** Supplied data follows **
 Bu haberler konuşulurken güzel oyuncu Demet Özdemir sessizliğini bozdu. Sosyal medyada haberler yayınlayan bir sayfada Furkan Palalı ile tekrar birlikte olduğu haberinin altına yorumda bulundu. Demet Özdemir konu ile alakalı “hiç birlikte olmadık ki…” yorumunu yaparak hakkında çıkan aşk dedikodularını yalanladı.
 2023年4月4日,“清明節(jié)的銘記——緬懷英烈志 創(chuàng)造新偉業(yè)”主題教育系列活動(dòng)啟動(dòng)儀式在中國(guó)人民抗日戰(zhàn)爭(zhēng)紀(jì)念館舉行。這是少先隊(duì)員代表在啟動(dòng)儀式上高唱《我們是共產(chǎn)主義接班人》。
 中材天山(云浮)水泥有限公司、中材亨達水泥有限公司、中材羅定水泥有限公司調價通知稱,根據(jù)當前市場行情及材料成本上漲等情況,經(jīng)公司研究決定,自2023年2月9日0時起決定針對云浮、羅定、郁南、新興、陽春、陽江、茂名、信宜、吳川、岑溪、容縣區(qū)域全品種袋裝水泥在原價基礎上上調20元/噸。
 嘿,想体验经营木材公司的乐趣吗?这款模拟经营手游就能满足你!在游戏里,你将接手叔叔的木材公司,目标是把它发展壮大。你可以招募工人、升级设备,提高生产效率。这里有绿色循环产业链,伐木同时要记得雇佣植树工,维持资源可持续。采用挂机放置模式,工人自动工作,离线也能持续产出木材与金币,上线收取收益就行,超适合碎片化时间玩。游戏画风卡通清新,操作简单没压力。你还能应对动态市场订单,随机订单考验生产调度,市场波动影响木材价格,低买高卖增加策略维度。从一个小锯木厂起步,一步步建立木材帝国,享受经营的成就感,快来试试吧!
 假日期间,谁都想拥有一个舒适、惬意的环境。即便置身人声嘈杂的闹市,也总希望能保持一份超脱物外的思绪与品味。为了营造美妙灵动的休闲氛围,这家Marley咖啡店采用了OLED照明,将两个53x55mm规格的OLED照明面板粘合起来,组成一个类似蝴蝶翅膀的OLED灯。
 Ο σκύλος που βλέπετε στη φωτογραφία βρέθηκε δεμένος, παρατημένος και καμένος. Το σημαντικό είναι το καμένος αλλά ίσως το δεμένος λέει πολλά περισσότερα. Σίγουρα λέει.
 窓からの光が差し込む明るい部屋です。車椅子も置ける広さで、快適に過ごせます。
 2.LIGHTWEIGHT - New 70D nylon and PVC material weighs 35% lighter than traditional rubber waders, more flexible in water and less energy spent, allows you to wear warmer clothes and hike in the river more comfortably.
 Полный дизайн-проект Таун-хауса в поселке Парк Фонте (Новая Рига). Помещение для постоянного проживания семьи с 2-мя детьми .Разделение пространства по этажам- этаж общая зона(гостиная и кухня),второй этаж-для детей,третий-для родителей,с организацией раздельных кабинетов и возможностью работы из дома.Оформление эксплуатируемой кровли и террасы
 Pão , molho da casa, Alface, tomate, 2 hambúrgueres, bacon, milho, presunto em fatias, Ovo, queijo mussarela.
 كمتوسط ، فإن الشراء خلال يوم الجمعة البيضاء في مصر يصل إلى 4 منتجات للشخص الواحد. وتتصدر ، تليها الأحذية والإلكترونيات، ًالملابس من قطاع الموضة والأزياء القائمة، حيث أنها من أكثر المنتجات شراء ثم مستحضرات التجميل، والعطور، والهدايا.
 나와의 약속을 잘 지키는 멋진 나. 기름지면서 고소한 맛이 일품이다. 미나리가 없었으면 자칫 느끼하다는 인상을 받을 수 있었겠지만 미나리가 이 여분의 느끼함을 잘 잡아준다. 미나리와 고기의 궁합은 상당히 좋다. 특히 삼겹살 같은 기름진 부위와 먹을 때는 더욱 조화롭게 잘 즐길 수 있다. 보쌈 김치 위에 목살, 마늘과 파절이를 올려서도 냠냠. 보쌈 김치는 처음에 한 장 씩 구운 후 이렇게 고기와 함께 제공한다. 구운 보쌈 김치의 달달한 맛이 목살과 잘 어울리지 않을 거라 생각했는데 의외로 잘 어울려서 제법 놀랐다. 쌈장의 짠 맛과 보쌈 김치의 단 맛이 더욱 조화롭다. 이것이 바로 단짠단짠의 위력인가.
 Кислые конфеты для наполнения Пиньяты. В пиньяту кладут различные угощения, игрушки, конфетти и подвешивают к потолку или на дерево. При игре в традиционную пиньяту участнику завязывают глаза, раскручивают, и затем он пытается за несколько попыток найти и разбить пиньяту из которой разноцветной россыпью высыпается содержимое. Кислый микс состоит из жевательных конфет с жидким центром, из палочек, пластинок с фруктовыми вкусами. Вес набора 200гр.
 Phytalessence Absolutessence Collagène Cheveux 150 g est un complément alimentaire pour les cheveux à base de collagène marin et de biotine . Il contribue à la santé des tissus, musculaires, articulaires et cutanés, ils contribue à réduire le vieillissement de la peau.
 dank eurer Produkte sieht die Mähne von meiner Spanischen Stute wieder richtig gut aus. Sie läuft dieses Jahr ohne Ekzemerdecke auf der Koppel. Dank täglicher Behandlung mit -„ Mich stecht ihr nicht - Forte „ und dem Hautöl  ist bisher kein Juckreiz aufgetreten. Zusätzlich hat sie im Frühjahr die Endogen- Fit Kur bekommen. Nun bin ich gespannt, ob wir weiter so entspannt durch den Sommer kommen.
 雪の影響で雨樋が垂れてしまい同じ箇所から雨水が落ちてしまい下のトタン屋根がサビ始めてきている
** End of Supplied data **
• [What this task involves]: The answer should consist of the lines from the one with "dank eurer Produkte" through the last line of the entries, duplicated exactly and nothing more.

• [Task output]:
 dank eurer Produkte sieht die Mähne von meiner Spanischen Stute wieder richtig gut aus. Sie läuft dieses Jahr ohne Ekzemerdecke auf der Koppel. Dank täglicher Behandlung mit -„ Mich stecht ihr nicht - Forte „ und dem Hautöl  ist bisher kein Juckreiz aufgetreten. Zusätzlich hat sie im Frühjahr die Endogen- Fit Kur bekommen. Nun bin ich gespannt, ob wir weiter so entspannt durch den Sommer kommen.
 雪の影響で雨樋が垂れてしまい同じ箇所から雨水が落ちてしまい下のトタン屋根がサビ始めてきている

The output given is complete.